*** Opening of Exercise data ***

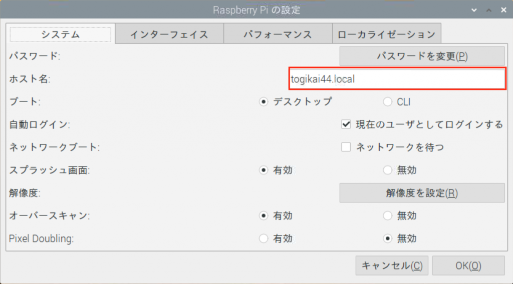[Raspberry Piの設定]の[システム]タブ内の[ホスト名]を変更することで、ラズパイのホスト名を変更することができます
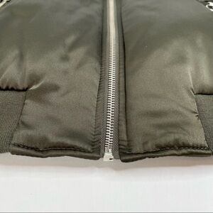 NEW WITH TAG Philosophy shiny satin-like 90s style zip-up bomber jacket in a rich olive green color. Accented with silver zippers. All zipper pulls are a circle just like the 90s and Y2K era. Two functioning pockets on the front. Fabric is satin-like (looks and feels like it) and is also super puffy and comfy. Fulling lined inside. A very beautiful jacket in person. Perfect for the upcoming Spring! In excellent brand new condition with no flaws. Please see photos and video for measurements and details. Women's size XSMALL.
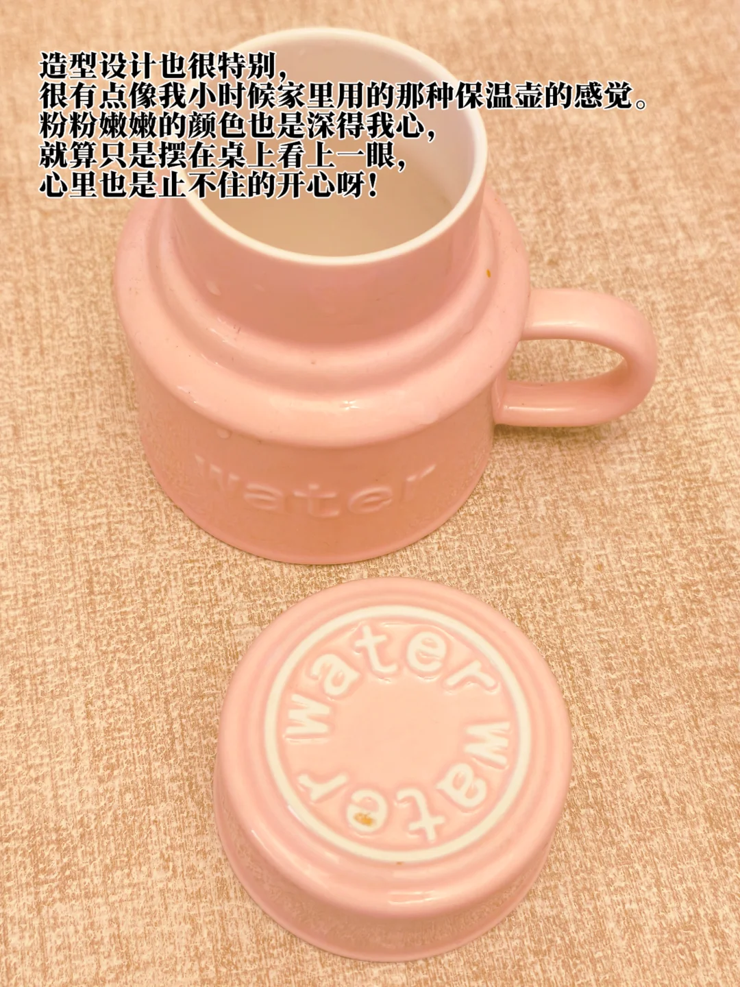 这个杯子是我在网上第一眼看到它的时候就立马拿下的一款!陶瓷的质地,拿到手上超有分量!造型设计也很特别,很有点像我小时候家里用的那种保温壶的感觉。粉粉嫩嫩的颜色也是深得我心,就算只是摆在桌上看上一眼,心里也是止不住的开心呀!
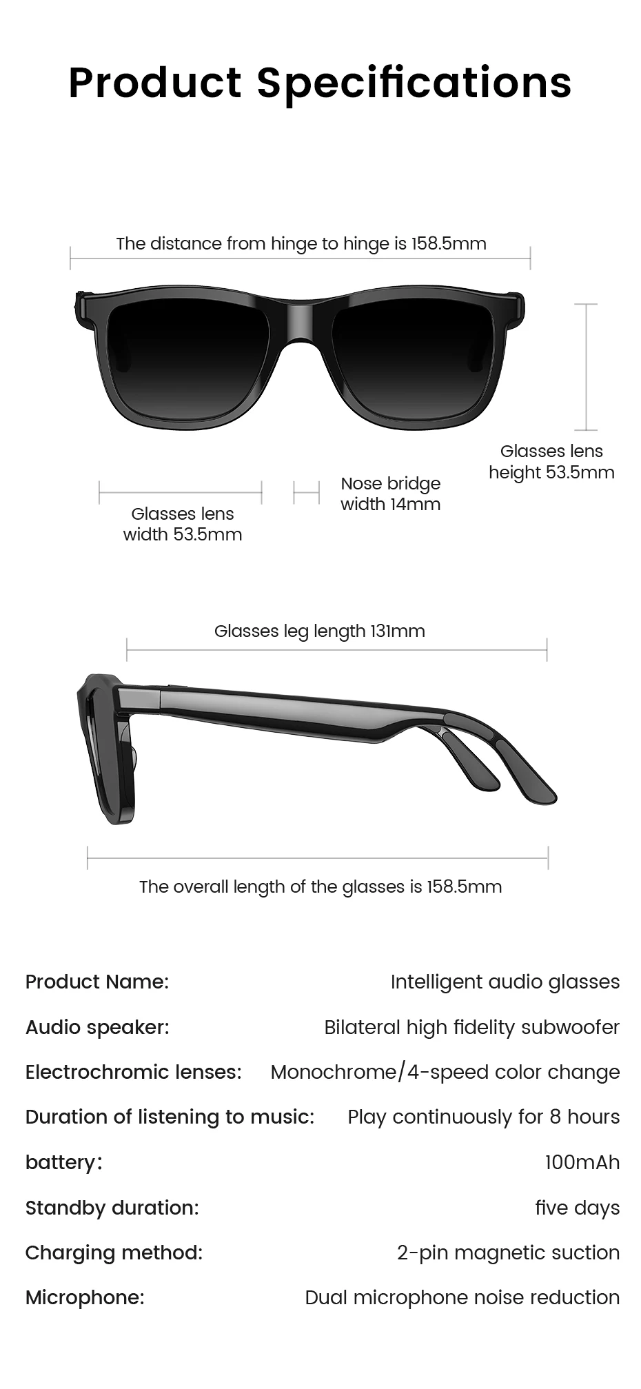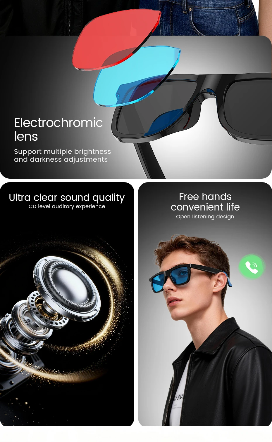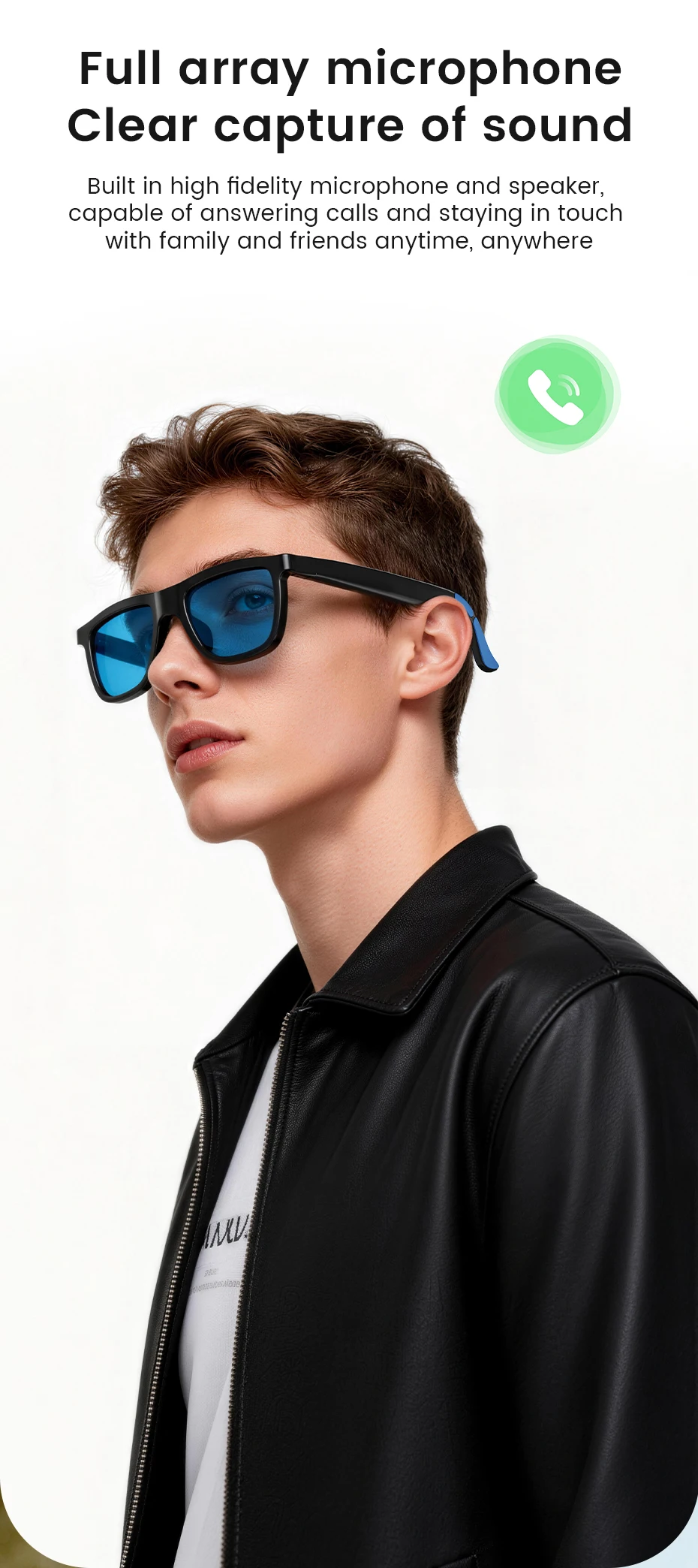 Experience crystal-clear audio with our Smart Audio Glasses, featuring advanced Bluetooth 5.3 for seamless sound transmission.
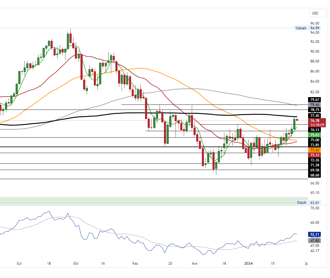 Hafta boyunca yukarı yönlü hareket eden ham petrol fiyatları, dün 200 günlük hareketli ortalama olan 77.45 seviyesini test etti ve bir miktar geri çekildi. An itibariyle 76.75 seviyelerinde fiyatlamalar görülmekte. Gün içerisinde 76.13 ve 75.62 (5GHO) seviyeleri destek olarak takip edilebilir. 77.45 üzerinde gelecek günlük kapanışlardaysa 78.75 ve 79.45 seviyeleri hedeflenebilir.
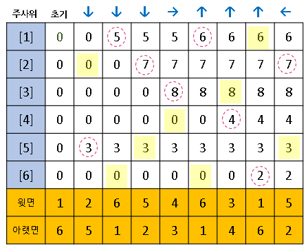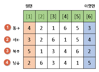 이때, 이동할 때마다 주사위의 윗면, 아랫면의 상태는 다음과 같습니다.
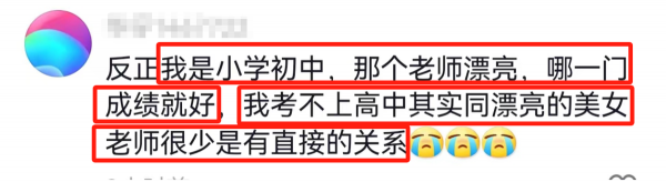 还有网友调侃,我上小学初中时,哪个老师漂亮,哪一门成绩就好。我没有考上高中就是因为漂亮的美女老师少。
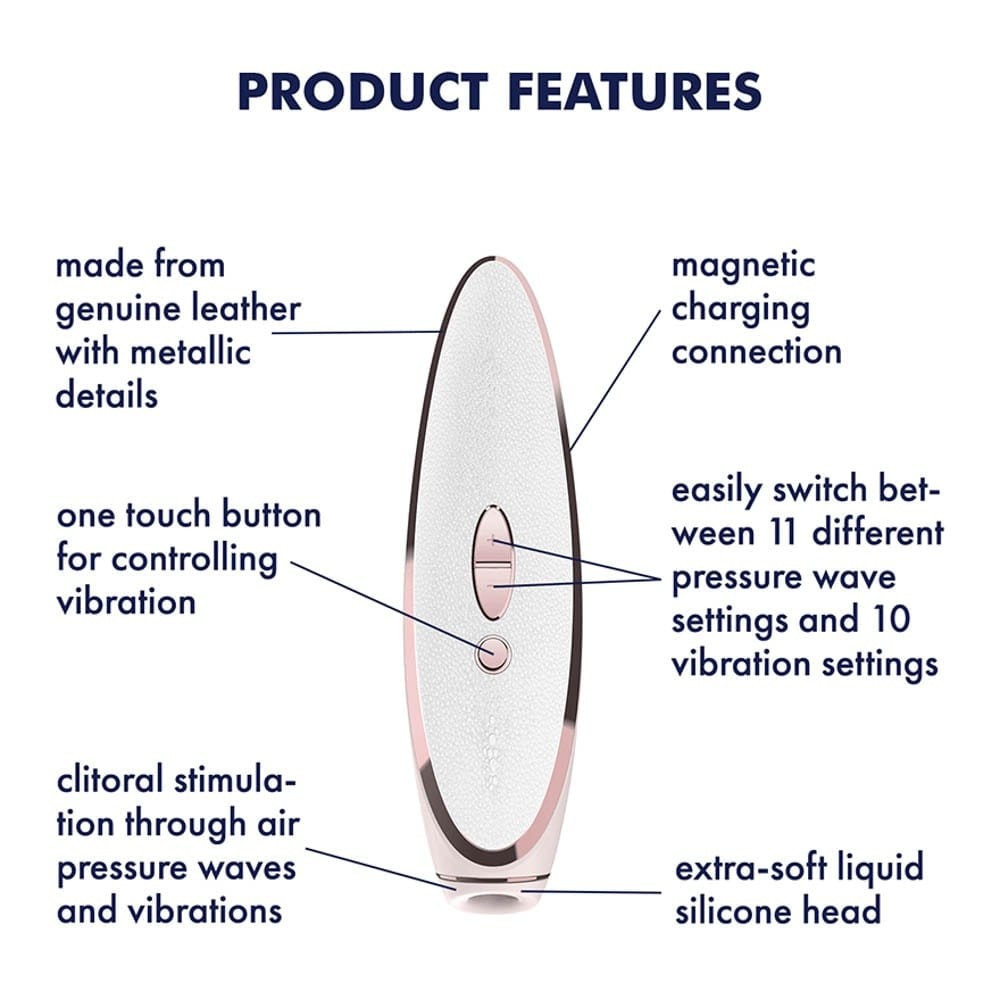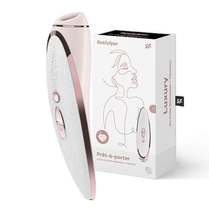 Különleges anyagaival, mint a fehér bőr, a rózsaarany díszítések és a puha, orvosi minőségű szilikon, ez a játékszer kifinomult érintéseket társít az Ön kifinomult ízléséhez, csiklója legnagyobb megelégedésére. A Satisfyer Prêt-à-porter eszközt elbűvölően elegáns formája teszi egyedülállóvá.  A rendkívül puha szilikonból készült, levehető fej gyengéden simogatja és különféle nyomáshullám- és vibrációprogramokkal kényezteti csiklódat. A Prêt-à-porter két egymástól függetlenül vezérelhető motorjával összesen 11 különböző intenzitású nyomáshullám és 10 vibrációs program közül választhatod ki a kedvencedet. Ily módon számos kombinációs lehetőség van, amelyek élvezetes csúcspontokkal gondoskodnak az ultimatív élvezetről.
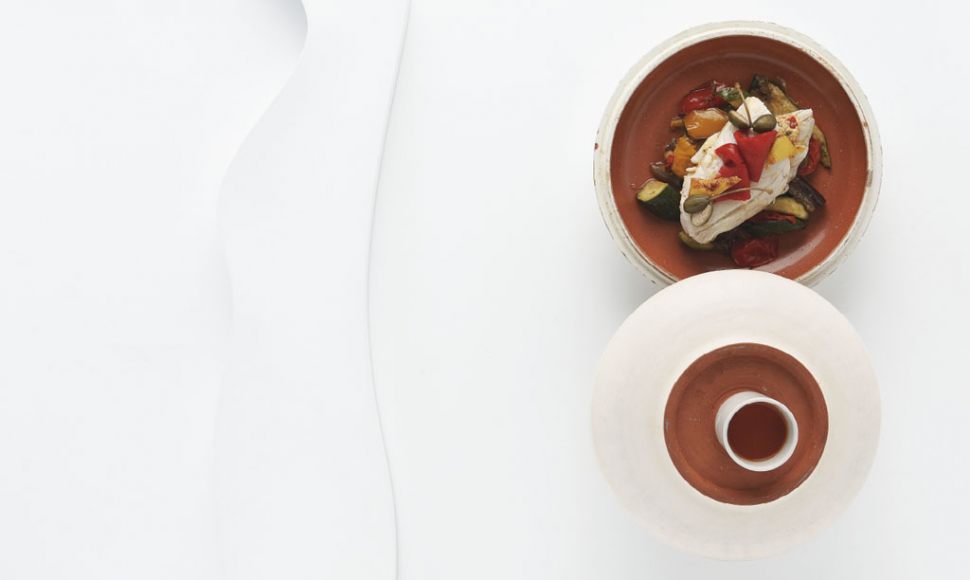 Loup frotté d’agrumes, chachouka en gros morceaux, sirop de tomate
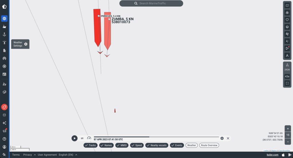 On 6 April, the Zumba arrived at the Laconia Gulf, off the coast of Greece, where it transferred the diesel to MT Pericles, the oil tanker that then brought it to the Gambia. The tracking data shows the ships lying motionless side-by-side for 34 hours, the only possible explanation for which is that they were transferring cargo from one to the other. Marine Traffic records this period as ‘STS’, or ship-to-ship transfer.
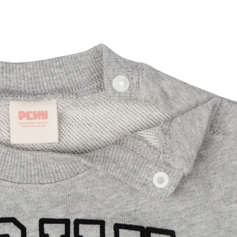 <商品サイズ> 80(身丈33・身幅39・袖丈20.5・裾幅39) 90(身丈35・身幅40・袖丈24・裾幅40) 100(身丈39・身幅42・袖丈28・裾幅42) 110(身丈42・身幅44・袖丈32・裾幅44) 120(身丈45・身幅46・袖丈36・裾幅46) <素材> 本体 綿100% リブ部分 綿96%ポリウレタン4%
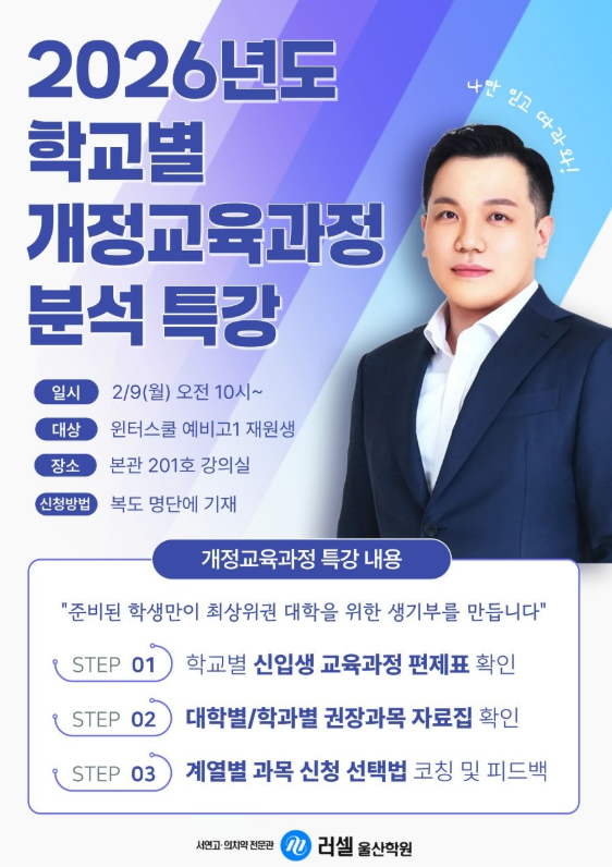<예비 고1, 고등학교 시작 전에 꼭 알아야 할 이야기, 2026학년도 학교별 개정 교육과정 분석 특강 후기> 안녕하세요 서연고·의치약 전문과 러셀 울산 학원입니다. 고등학교 입학을 앞둔 예비 고1 학생들에게 많이 들리는 질문들이 있습니다. 과목 선택 잘못하면 불리하다던데… 어떻게 골라야 하죠 생기부랑 입시는 언제부터 준비해야 하나요 막연한 불안 대신, 정확한 정보와 방향을 잡아주기 위해 이번 겨울, 러셀 울산이 특별한 입시 특강을 진행했습니다. 특강 안내 ✔ 일시 : 2월 9일(월) 오전 10시 ✔ 장소 : 러셀 울산 학원 본관 201호 ✔ 대상 : 윈터스쿨 예비 고1 재원생 ✔ 연사 : 전선우 원장님 신청자 전원이 참석....... <img src="https://blogthumb.pstatic.net/MjAyNjAyMTNfMTI5/MDAxNzcwOTQ3ODMwNDE5.K1rih4GRgFudMwZGqXte6ayYM9ZBHuA-PdG1tMVIN_gg.Z3MLbOHmGnYgaLEgiZ2JiUdWR5CJzy4Ng0oxhNH23Mwg.PNG/image.png?type=s3" />
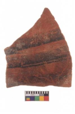 | Description / विवरण | Specimen of potsherd with decorative geometric painting, Type Black on Red ware . |
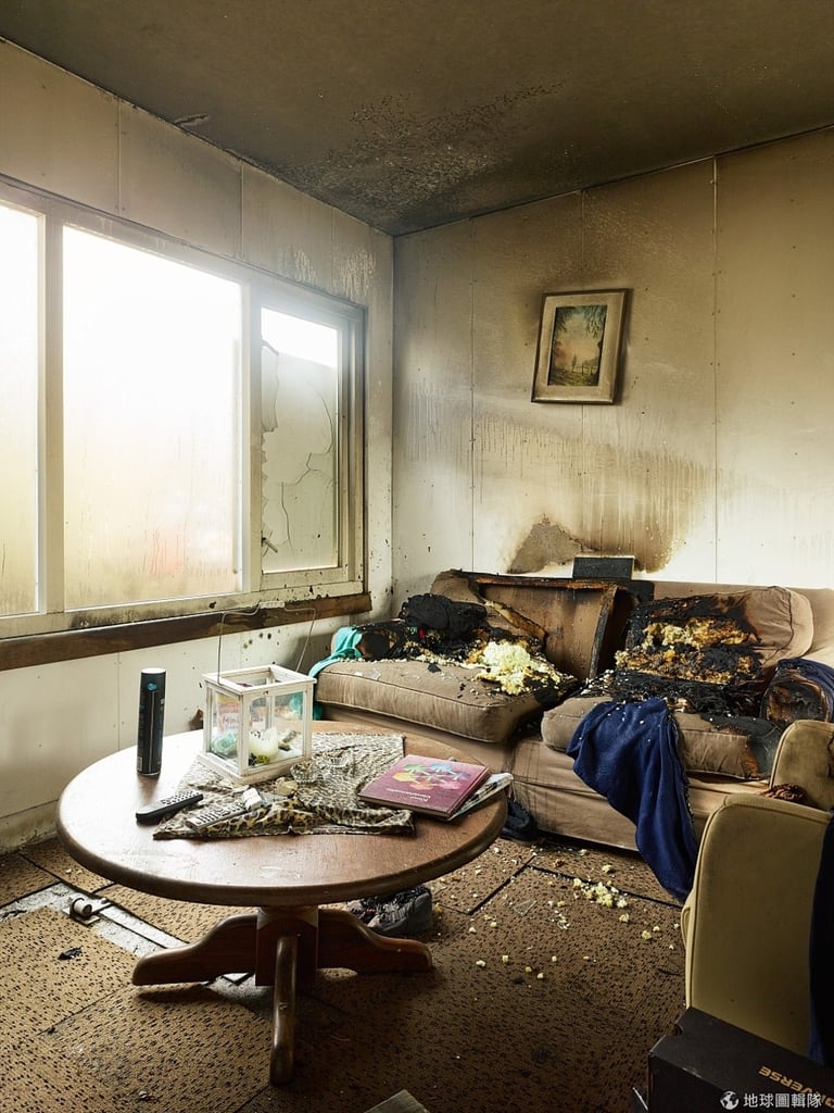 從圖中我們可以發現,火災只在起居室的沙發留下明顯的焦黑燒痕,前方的木桌完好無缺。一旁窗戶的裂痕與火災帶來的破壞不同,透過火痕和熱感應器,可以推測火勢是從窗邊蔓延。再透過電子檢測器材的輔助,鑑識官發現沙發表面還有地毯上都有易燃液體。
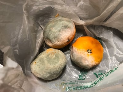 開けてみて、まずカビ臭さを感じました。検品してみるとカビが生えて腐ったみかんがあり、そのまわりのみかんにもカビが繁殖していました。
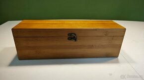 Prodám novou dárkovou krabici na víno z bambusu, bez vína, s příslušenstvím. Příslušenství nebylo nikdy použito. Původní cena s vínem 1500 Kč. Rozměr krabice 38 x 11 x 12,5 cm.
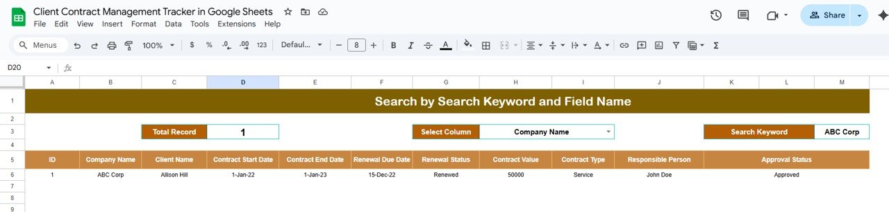 A Client Contract Management Tracker is a digital tool designed to record, track, and monitor client contracts in a centralized manner.
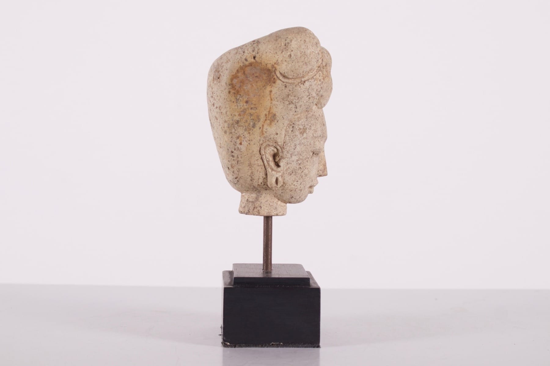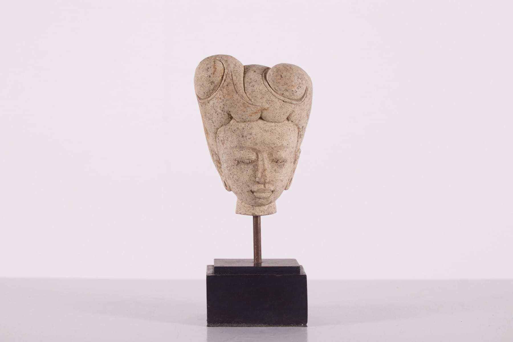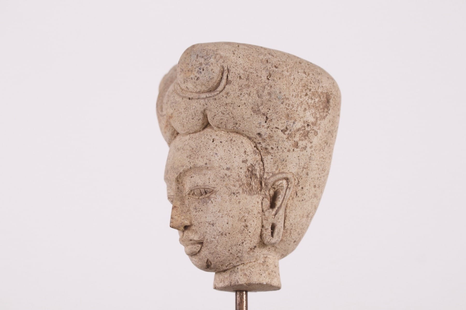 - Weiblicher Kopf, vielleicht eine Gottheit oder ein Würdenträger desMajapahit-Hofes, Sumatra, 13/15 Jh. Aus Tuffstein, einem vulkanischen Gestein, das durch die Ansammlung von Asche und Trümmern bei Eruptionen entstanden ist.

*** Close of Exercise data ***

Aim of the exercise: Starting at the line above with "NEW WITH TAG", output every line exactly up to and including the line with "还有网友调侃,我上小学初中时", but none of the pictures.

Finished task:
 NEW WITH TAG Philosophy shiny satin-like 90s style zip-up bomber jacket in a rich olive green color. Accented with silver zippers. All zipper pulls are a circle just like the 90s and Y2K era. Two functioning pockets on the front. Fabric is satin-like (looks and feels like it) and is also super puffy and comfy. Fulling lined inside. A very beautiful jacket in person. Perfect for the upcoming Spring! In excellent brand new condition with no flaws. Please see photos and video for measurements and details. Women's size XSMALL.
 这个杯子是我在网上第一眼看到它的时候就立马拿下的一款!陶瓷的质地,拿到手上超有分量!造型设计也很特别,很有点像我小时候家里用的那种保温壶的感觉。粉粉嫩嫩的颜色也是深得我心,就算只是摆在桌上看上一眼,心里也是止不住的开心呀!
 Experience crystal-clear audio with our Smart Audio Glasses, featuring advanced Bluetooth 5.3 for seamless sound transmission.
 Hafta boyunca yukarı yönlü hareket eden ham petrol fiyatları, dün 200 günlük hareketli ortalama olan 77.45 seviyesini test etti ve bir miktar geri çekildi. An itibariyle 76.75 seviyelerinde fiyatlamalar görülmekte. Gün içerisinde 76.13 ve 75.62 (5GHO) seviyeleri destek olarak takip edilebilir. 77.45 üzerinde gelecek günlük kapanışlardaysa 78.75 ve 79.45 seviyeleri hedeflenebilir.
 이때, 이동할 때마다 주사위의 윗면, 아랫면의 상태는 다음과 같습니다.
 还有网友调侃,我上小学初中时,哪个老师漂亮,哪一门成绩就好。我没有考上高中就是因为漂亮的美女老师少。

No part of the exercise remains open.